Dependence of efficient coding and neural dynamics on stimulus parameters and comparison of E-I versus one cell type model architecture.
(A) Top: Root mean squared error (RMSE) of E estimates (red) and I estimates (blue), as a function of the time constant (in ms) of stimulus features. The time constant τs is the same for all stimulus features. Bottom: Same as on top, showing the metabolic cost (MC) of E and I cell type.
(B) Left: Mean squared error between the targets and their estimates for every stimulus feature (marked as dimensions), as a function of time constants of OU stimuli in E population (top) and in I population (bottom). In the first dimension, the stimulus feature has a time constant fixed at 10 ms, while the second and third feature increase their time constants from left to right. The time constant of the third stimulus feature (x-axis on the bottom) is the double of the time constant of the second stimulus feature (x-axis on top). Right: Same as on the left, showing the RMSE that was averaged across stimulus features (top), and the metabolic cost (bottom) in E (red) and I (blue) populations.
(C) Top: Same as in A top, measured as a function of the number of stimulus features M. Bottom: Normalized cost and the average loss as a function of the number of stimulus features. Black arrow marks the minimum loss and the optimal parameter M.

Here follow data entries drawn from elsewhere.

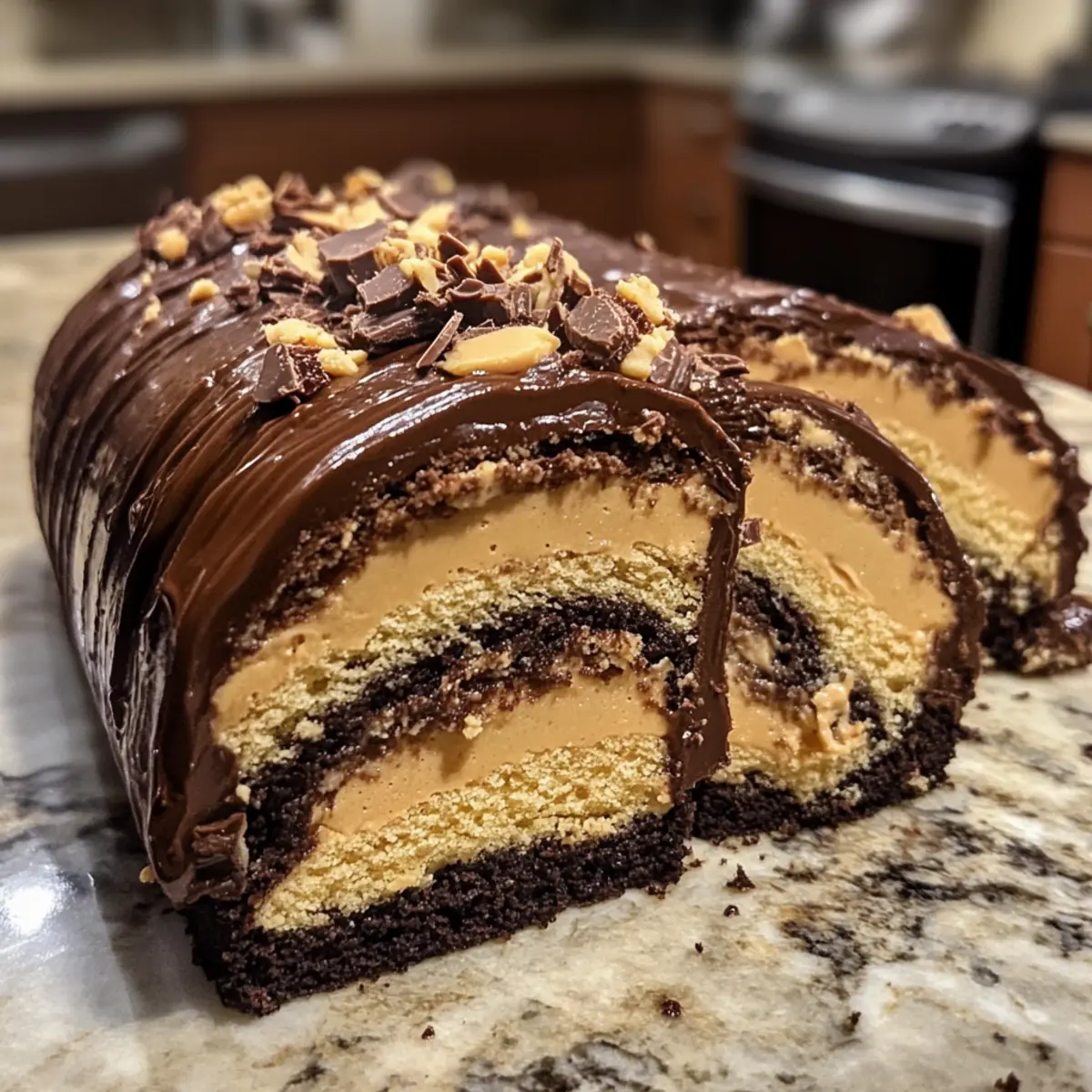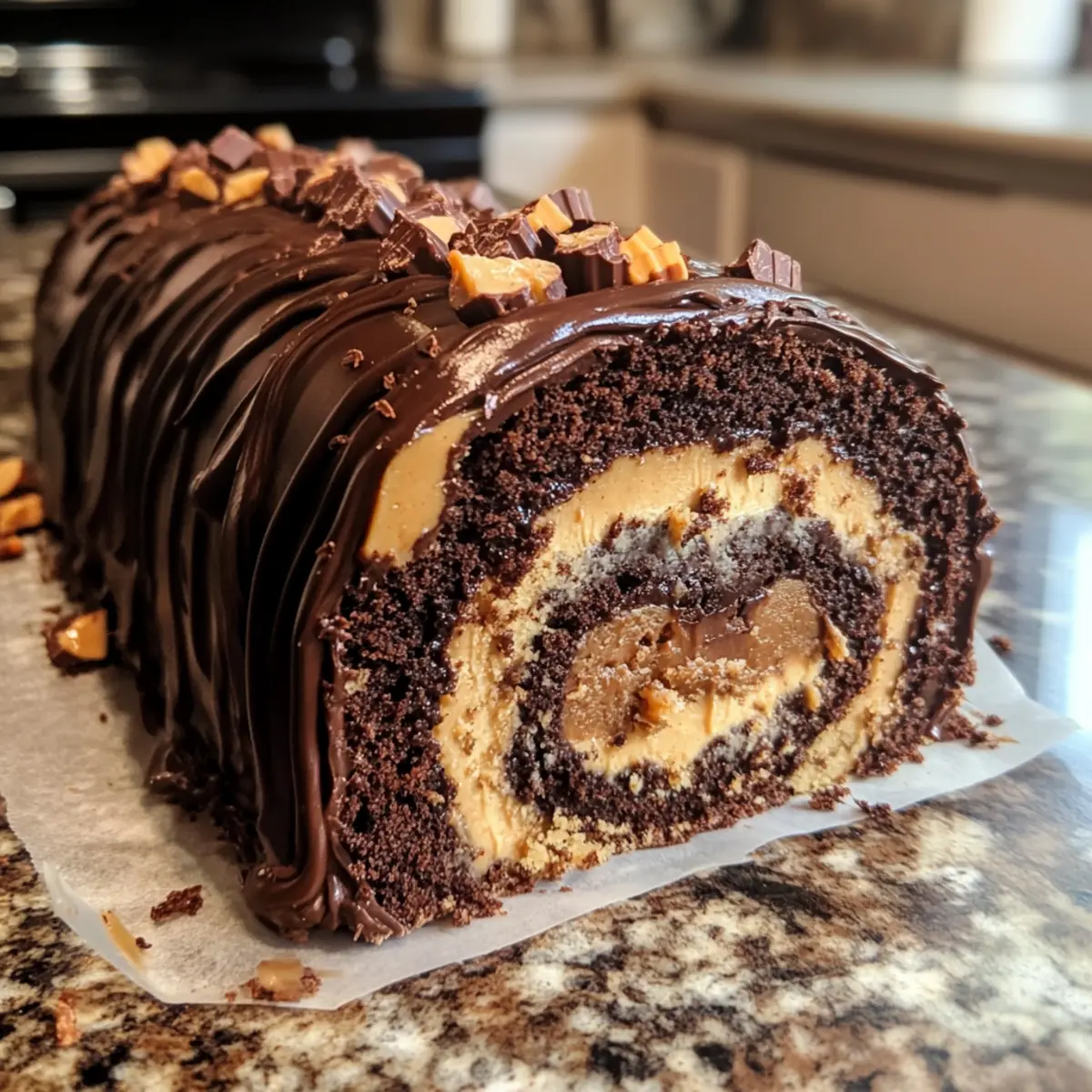 Diese köstliche Erdnussbutter-Tasse Schokoladenrolle ist ein wahres Fest für die Sinne und möchte von weiteren Gaumenfreuden begleitet werden!
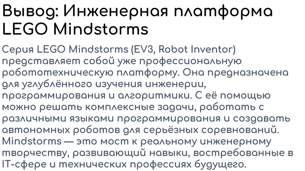 Вывод: Инженерная платформаLEGO Mindstorms
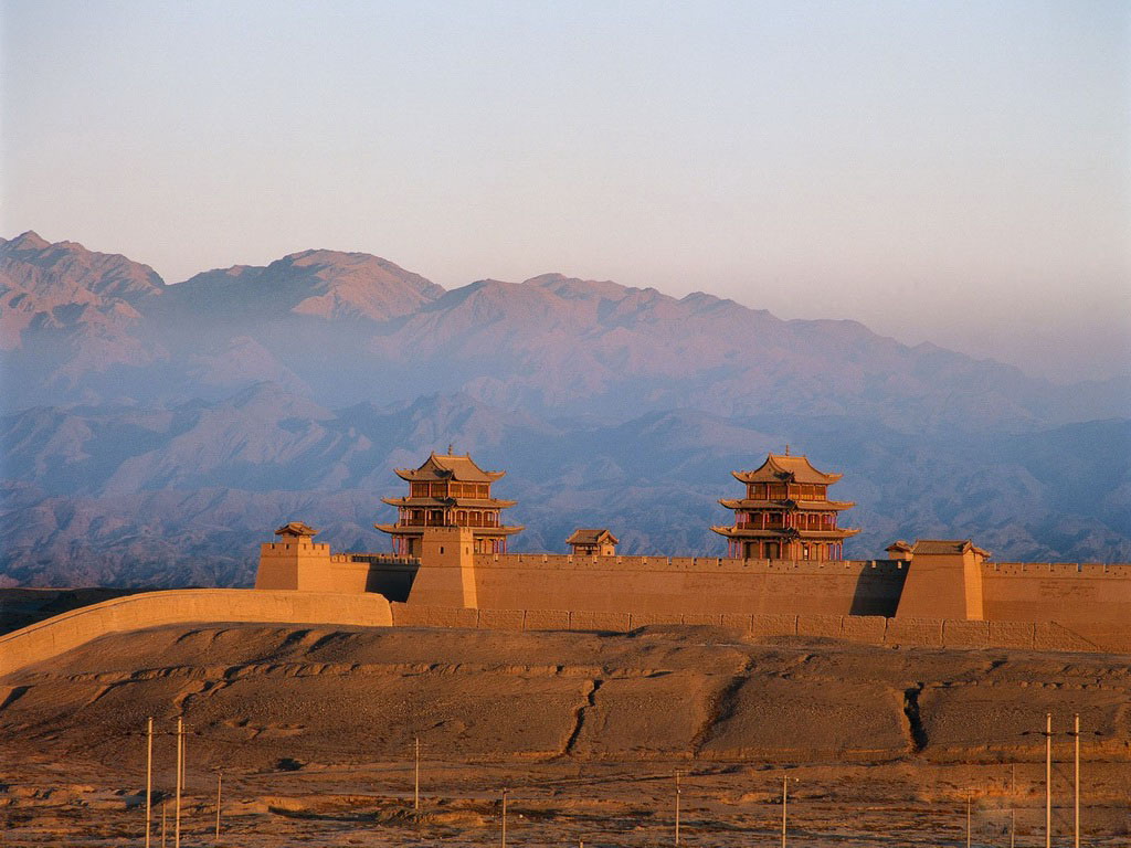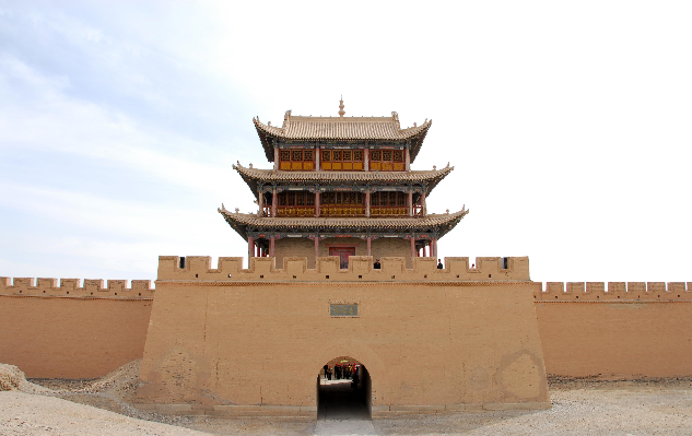 嘉峪關(guān)長城在嘉峪關(guān)市西南隅, 因建于嘉峪山麓而得名,是明朝萬里長城西端的終點(diǎn), 建于1372年。關(guān)城平面呈梯形, 面積33500余平方米, 城墻總長733米, 高11.7米。城樓東、西對(duì)稱, 面闊三間, 周圍有廊, 三層歇山頂高17米, 氣勢(shì)雄偉。關(guān)城四隅有角樓, 高兩層, 形如碉堡。
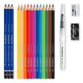 Sada obsahuje: 12 různých barev akvarelových tužek, 3 akvarelové grafitové tužky různé tvrdosti (4B, 6B, 8B), gumu, ořezávátko, vodou naplnitelný štětec
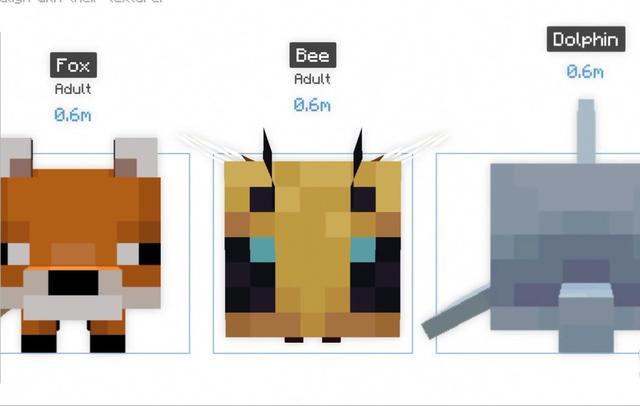 狐狸在游戏中一直有着小可爱之称,狐狸的身高也并不高,身高仅仅为0.6m。但也高于以上的生物,比较令人震惊的是蜜蜂的身高。蜜蜂在游戏中看着不大,但身高也达到了0.6,这是意料之外的。海豚也出乎意料,看着大但是并不高,与狐狸、蜜蜂一样高。
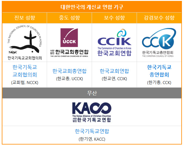 대한민국기독교연합기관협의회. (사)한국기독교보수교단총연합회. (사)한국기독교총연합회. (사)전국17개광역시도·226개시군구 기독교총연합회 및 전국기독교총연합회. 자유한국교육원
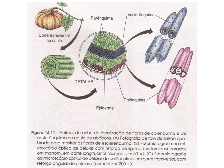 – Esclerênquima • Sustentação, células mortas, PC espessadas, com lignina; – Esclereides – Fibras – Colênquima • Sustentação, células vivas, PC espessadas de forma desigual, ricas em celulose, pectina e outras substâncias. Não contém lignina • Sob a epiderme dos caules jovens em crescimento ou margeando as nervuras das folhas das eudicotiledôneas
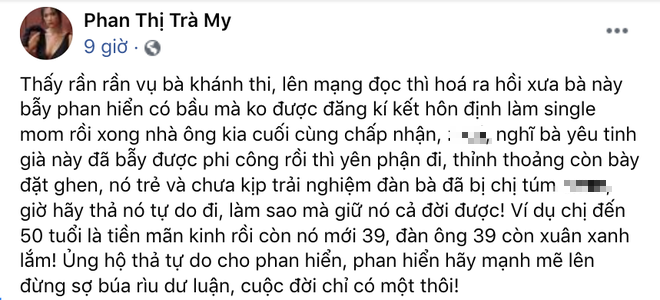 Cụ thể, nguyên văn bài viết của Trà My như sau: "Thấy rần rần vụ bà Khánh Thi, lên mạng đọc thì hoá ra hồi xưa bà này bẫy Phan Hiển có bầu mà không được đăng kí kết hôn định làm 'single mom' rồi xong nhà ông kia cuối cùng chấp nhận. Nghĩ bà yêu tinh già này đã bẫy được phi công rồi thì yên phận đi, thỉnh thoảng còn bày đặt ghen, nó trẻ và chưa kịp trải nghiệm đàn bà đã bị chị túm, giờ hãy thả nó tự do đi, làm sao mà giữ nó cả đời được! Ví dụ chị đến 50 tuổi là tiền mãn kinh rồi còn nó mới 39, đàn ông 39 còn xuân xanh lắm! Ủng hộ thả tự do cho Phan Hiển, Phan Hiển hãy mạnh mẽ lên đừng sợ búa rìu dư luận, cuộc đời chỉ có một thôi!".

(D) Top: Optimal number of encoded variables (stimulus features) as a function of weighting of the losses of E and I population. The weighting of the error with the cost is 0.7. Bottom: Same as on top, as a function of the weighting of the error with the cost and with equal weighting of losses of E and I populations.
(E) Tuning curves of 10 example E (left) and I neurons (right). We computed tuning curves using M =3 stimulus features that were constant over time. We varied the amplitude of the first stimulus feature s1, while two other stimulus features were kept fixed.
(F) Distribution of the selectivity index across E (red) and I neurons (blue).(G) Root mean squared error (left) and metabolic cost (right) in E and I populations in the E-I model and in the 1CT model. The distribution is across 100 simulation trials.
(H) Left: Average loss in the E population of the E-I model and of the 1CT model. The distribution is across 100 simulation trials. Right: Average loss in the E population of the E-I models and in the 1CT model as a function of the weighting gL, averaged across trials.
(I) Firing rate in the 1CT model as a function of the metabolic constant. All statistical results were computed on 100 simulation trials of 1 second duration. For other parameters of the E-I model see Table 1, and for the 1CT model see Supplementary Table S2.